> Records for the exercise
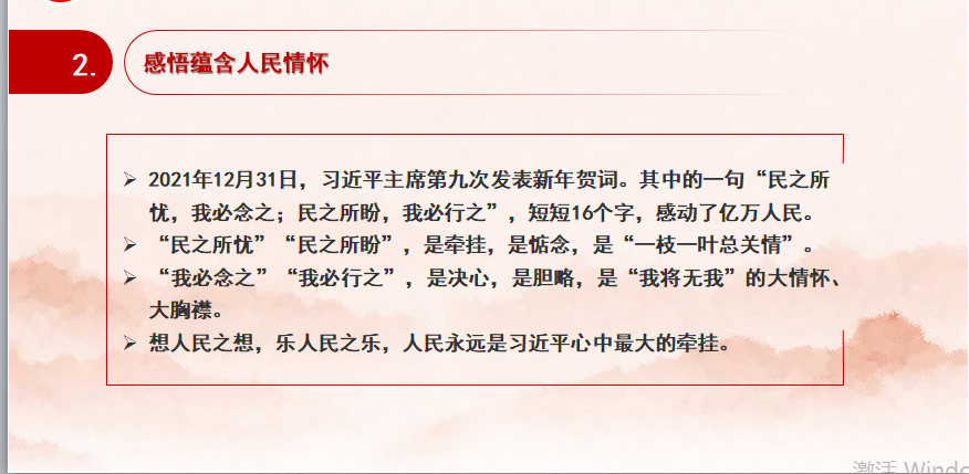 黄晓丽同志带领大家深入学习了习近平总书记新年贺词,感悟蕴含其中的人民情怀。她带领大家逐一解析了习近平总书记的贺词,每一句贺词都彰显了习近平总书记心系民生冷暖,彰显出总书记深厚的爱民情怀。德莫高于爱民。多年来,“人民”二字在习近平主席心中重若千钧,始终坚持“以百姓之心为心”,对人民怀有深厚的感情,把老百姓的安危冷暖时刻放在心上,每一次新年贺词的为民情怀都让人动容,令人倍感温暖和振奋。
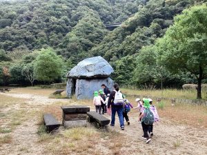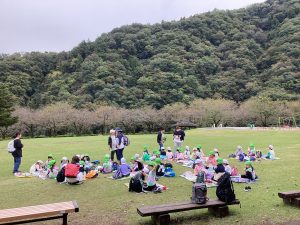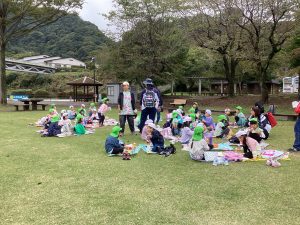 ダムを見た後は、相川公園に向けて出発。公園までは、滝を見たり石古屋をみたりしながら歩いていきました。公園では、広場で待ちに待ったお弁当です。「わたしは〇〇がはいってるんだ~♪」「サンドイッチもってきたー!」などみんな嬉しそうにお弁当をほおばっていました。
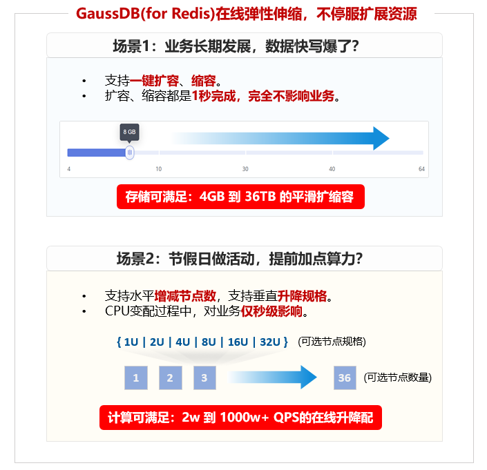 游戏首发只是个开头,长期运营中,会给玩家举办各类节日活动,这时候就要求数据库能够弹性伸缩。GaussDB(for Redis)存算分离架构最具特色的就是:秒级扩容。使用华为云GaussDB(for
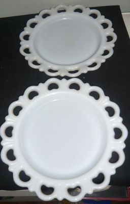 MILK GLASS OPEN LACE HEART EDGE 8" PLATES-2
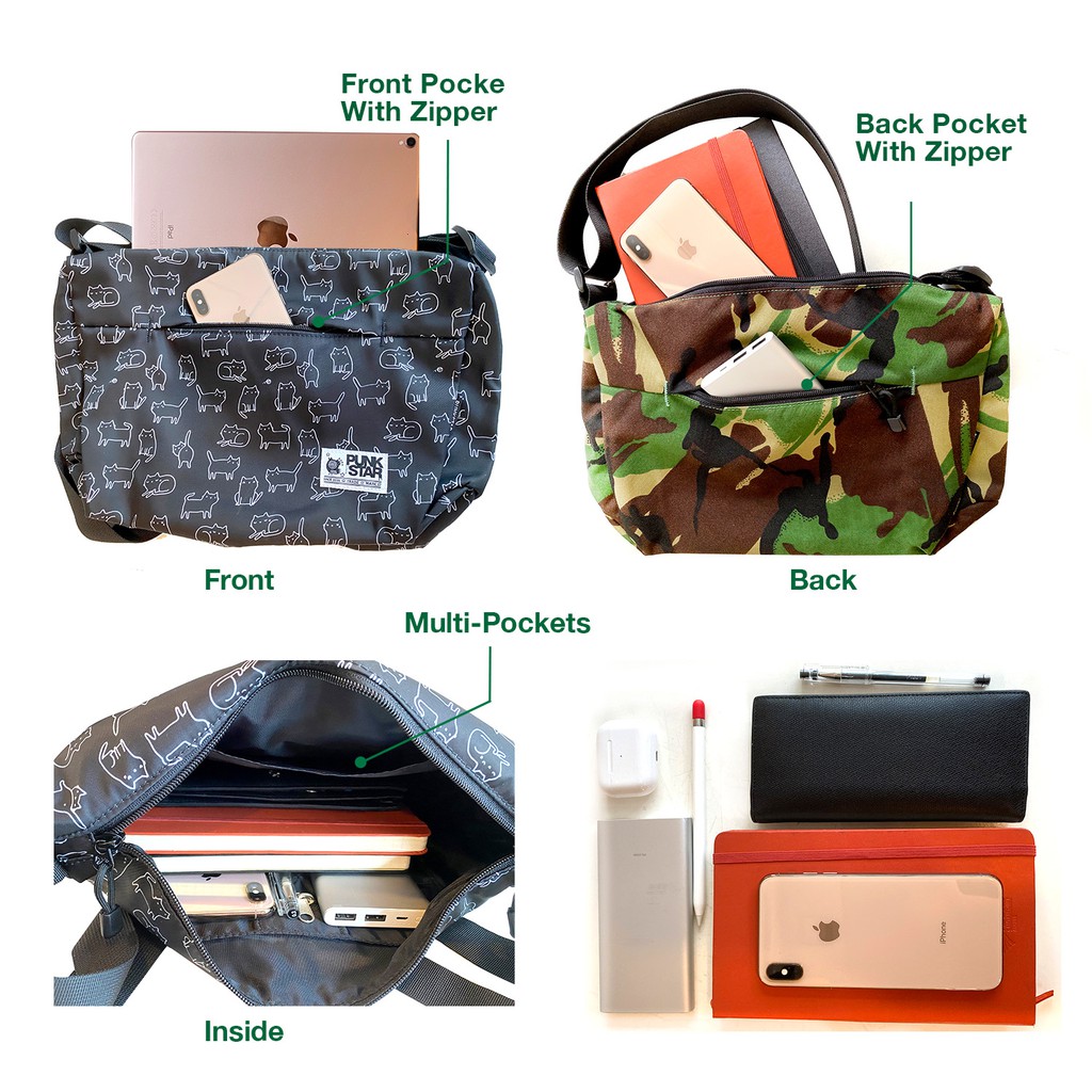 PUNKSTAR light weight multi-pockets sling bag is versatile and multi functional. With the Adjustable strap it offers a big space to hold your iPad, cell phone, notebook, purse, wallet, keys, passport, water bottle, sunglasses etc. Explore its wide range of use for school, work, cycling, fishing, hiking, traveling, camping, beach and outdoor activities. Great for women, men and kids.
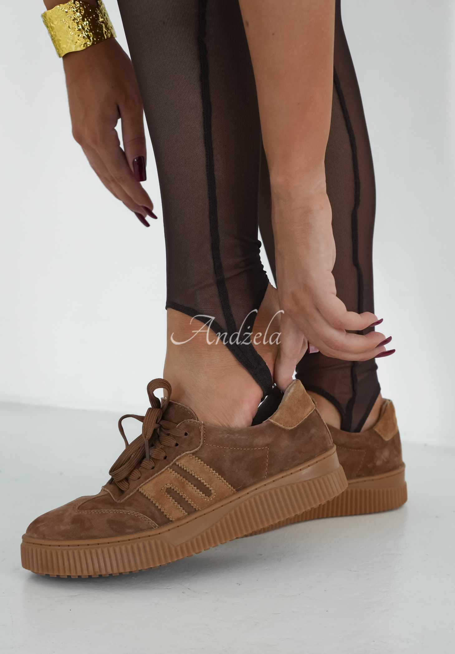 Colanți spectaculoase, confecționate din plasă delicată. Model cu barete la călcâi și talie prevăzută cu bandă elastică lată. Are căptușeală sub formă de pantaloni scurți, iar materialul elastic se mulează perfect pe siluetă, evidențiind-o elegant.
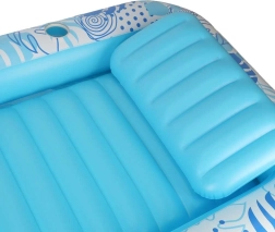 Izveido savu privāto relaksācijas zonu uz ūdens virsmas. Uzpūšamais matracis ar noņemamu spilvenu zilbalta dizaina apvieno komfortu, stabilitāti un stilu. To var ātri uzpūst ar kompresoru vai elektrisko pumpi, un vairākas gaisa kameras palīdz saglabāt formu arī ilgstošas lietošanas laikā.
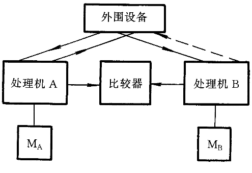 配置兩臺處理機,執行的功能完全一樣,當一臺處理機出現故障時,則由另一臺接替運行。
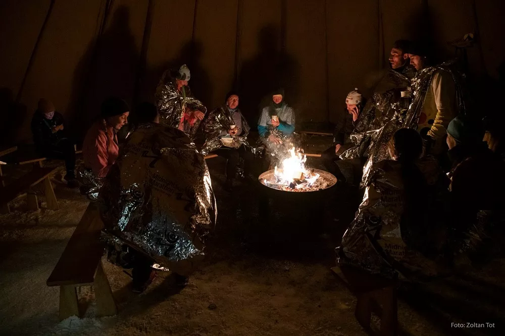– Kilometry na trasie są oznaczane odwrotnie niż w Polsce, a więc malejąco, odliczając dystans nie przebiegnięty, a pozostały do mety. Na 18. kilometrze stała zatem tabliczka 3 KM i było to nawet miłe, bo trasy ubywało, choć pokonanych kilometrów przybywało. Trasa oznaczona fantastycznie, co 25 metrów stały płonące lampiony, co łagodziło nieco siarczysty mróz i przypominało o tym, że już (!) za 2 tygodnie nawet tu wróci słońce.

> How to complete this task
Could you reproduce every record above exactly, leaving out the pictures?

> Answer for the task
 黄晓丽同志带领大家深入学习了习近平总书记新年贺词,感悟蕴含其中的人民情怀。她带领大家逐一解析了习近平总书记的贺词,每一句贺词都彰显了习近平总书记心系民生冷暖,彰显出总书记深厚的爱民情怀。德莫高于爱民。多年来,“人民”二字在习近平主席心中重若千钧,始终坚持“以百姓之心为心”,对人民怀有深厚的感情,把老百姓的安危冷暖时刻放在心上,每一次新年贺词的为民情怀都让人动容,令人倍感温暖和振奋。
 ダムを見た後は、相川公園に向けて出発。公園までは、滝を見たり石古屋をみたりしながら歩いていきました。公園では、広場で待ちに待ったお弁当です。「わたしは〇〇がはいってるんだ~♪」「サンドイッチもってきたー!」などみんな嬉しそうにお弁当をほおばっていました。
 游戏首发只是个开头,长期运营中,会给玩家举办各类节日活动,这时候就要求数据库能够弹性伸缩。GaussDB(for Redis)存算分离架构最具特色的就是:秒级扩容。使用华为云GaussDB(for
 MILK GLASS OPEN LACE HEART EDGE 8" PLATES-2
 PUNKSTAR light weight multi-pockets sling bag is versatile and multi functional. With the Adjustable strap it offers a big space to hold your iPad, cell phone, notebook, purse, wallet, keys, passport, water bottle, sunglasses etc. Explore its wide range of use for school, work, cycling, fishing, hiking, traveling, camping, beach and outdoor activities. Great for women, men and kids.
 Colanți spectaculoase, confecționate din plasă delicată. Model cu barete la călcâi și talie prevăzută cu bandă elastică lată. Are căptușeală sub formă de pantaloni scurți, iar materialul elastic se mulează perfect pe siluetă, evidențiind-o elegant.
 Izveido savu privāto relaksācijas zonu uz ūdens virsmas. Uzpūšamais matracis ar noņemamu spilvenu zilbalta dizaina apvieno komfortu, stabilitāti un stilu. To var ātri uzpūst ar kompresoru vai elektrisko pumpi, un vairākas gaisa kameras palīdz saglabāt formu arī ilgstošas lietošanas laikā.
 配置兩臺處理機,執行的功能完全一樣,當一臺處理機出現故障時,則由另一臺接替運行。
– Kilometry na trasie są oznaczane odwrotnie niż w Polsce, a więc malejąco, odliczając dystans nie przebiegnięty, a pozostały do mety. Na 18. kilometrze stała zatem tabliczka 3 KM i było to nawet miłe, bo trasy ubywało, choć pokonanych kilometrów przybywało. Trasa oznaczona fantastycznie, co 25 metrów stały płonące lampiony, co łagodziło nieco siarczysty mróz i przypominało o tym, że już (!) za 2 tygodnie nawet tu wróci słońce.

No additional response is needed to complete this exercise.